With God alone rests the knowledge of the Last Hour (when it will come). He sends down rain (just at the time and place He alone knows), and He alone knows what is in the wombs. No soul knows what it will reap tomorrow, and no soul knows in what place it will die.1 Surely God is All-Knowing, All-Aware.
  • This verse explains five things of which God alone has exact knowledge. Although the time of rain can be guessed to a certain extent, it is no more than a guess that can be made after the signs of the rain have appeared and, therefore, it is not foreknowledge.
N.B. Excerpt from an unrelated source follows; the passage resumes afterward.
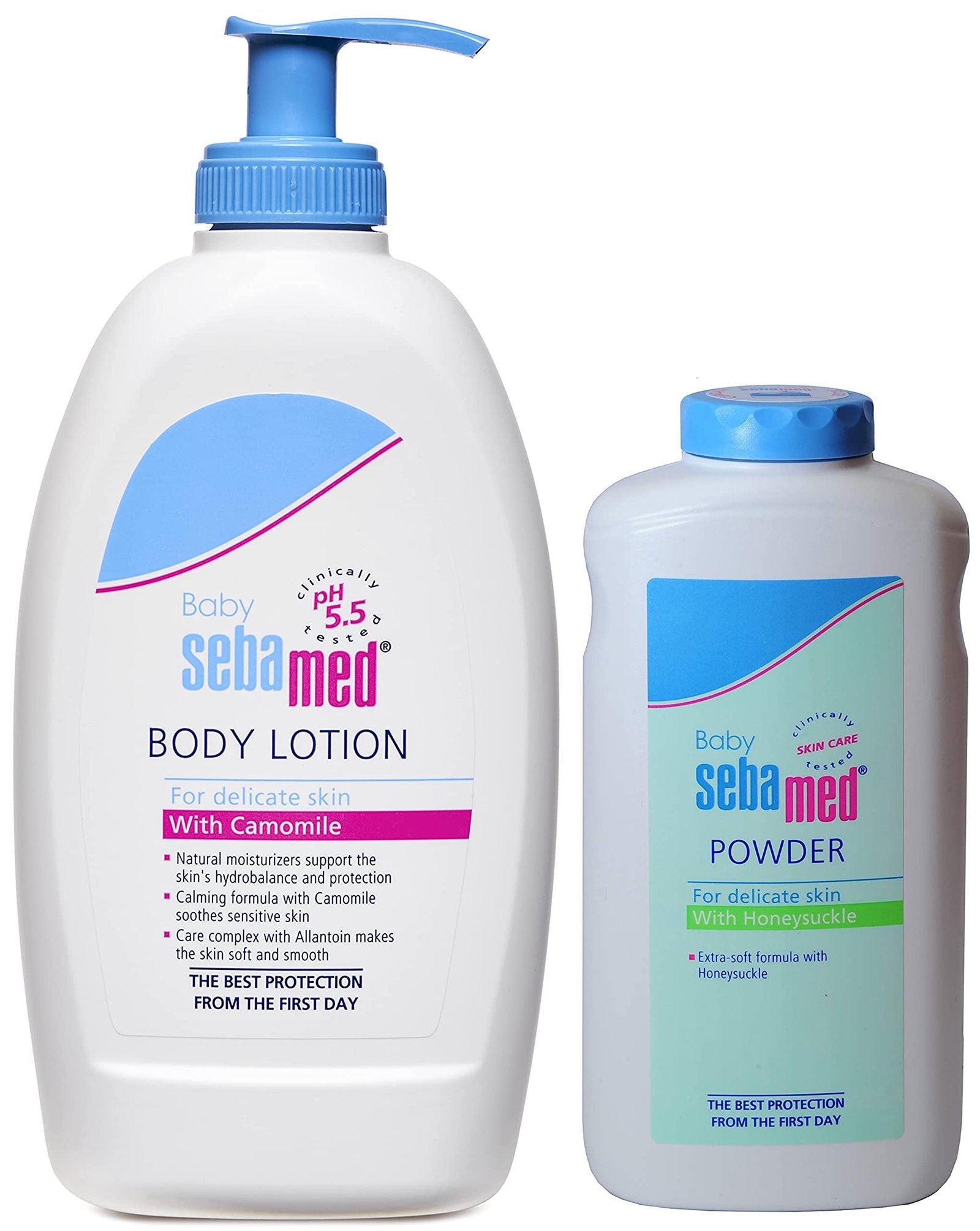 SebaMed Baby Body Lotion, For All Skin Types, 400 ml & Baby Powder with Honeysuckle 200g – Fast Shipping to USA & Canada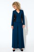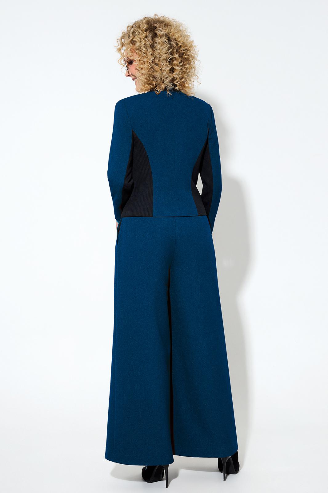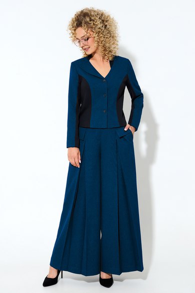 Костюм женский 2х-предметный выполнен из костюмной ткани в мелкий рубчик. В жакете отрезные бочки из трикотажного(вязаного) материала. Жакет полуприлегающего кроя , рукав-втачанный, длинный. Горловина V- образная с ассиметричной стойкой и лацканом. Застежка-кнопки. Брюки палаццо- со складками, средней посадки на притачном поясе с резинкой. застежка молния на гульфике в боковых швах брюк имеются небольшие карманы (вход в карман 11 см).

The statement referring to what is in the wombs does not merely relate to the sex of the embryo in the womb, but also to its future physical traits; to its inborn capacities and character; and to the question of whether it will be born, and if it is born, what role it will play in life; etc.
    As pointed out in note 3 to 3: 3, it is of great significance that the Qur’ān praises the believers first of all for their faith in the Unseen (ghayb). This means that existence is not restricted to what is sensed and observed. This corporeal realm is, according to the measures particular to it, the manifestation of the unseen and unobservable, and it is only one of the numerous realms. The truth or full reality of every phenomenon in this world lies in the world of the Unseen. So, by mentioning five things included in the Unseen in this verse, the Qur’ān draws our attention to God’s absolute, all-encompassing Knowledge vis-à-vis the restricted knowledge of humankind. Human existence is restricted in many respects. Human beings have no dominion over the operation of even their own bodies, let alone over the world as a whole. They cannot prevent themselves from getting hungry and thirsty; they have no part in determining their parents, or the time and place of their birth, nor their physique or physical structure; nor do they know when and where they will die. In addition, they have no knowledge of the future and, in most cases, cannot acquire true knowledge of the past or even of the present. But just as the creation is a whole with all its parts interrelated, time and space also comprise a whole whose parts are linked to one another. Every event in the human realm is not independent of those who do it, or of the time or the place when and where it occurs, or even of the past and the future. So how can a being who is deprived of the exact knowledge of itself, of the other members of its kind, of both time and space, with all their parts, and of its environment, with its relation to the other parts of the universe, claim to order or have authority over its life, as well the lives of others, or dare to give order to the world according to its own will? As this is the truth of the matter, it is only God Who has full knowledge of everything, of all of time and place, and of every being with all its relations to others, time and space. Thus, it is only God Who can have, and Who has, the right to order the life of all creatures.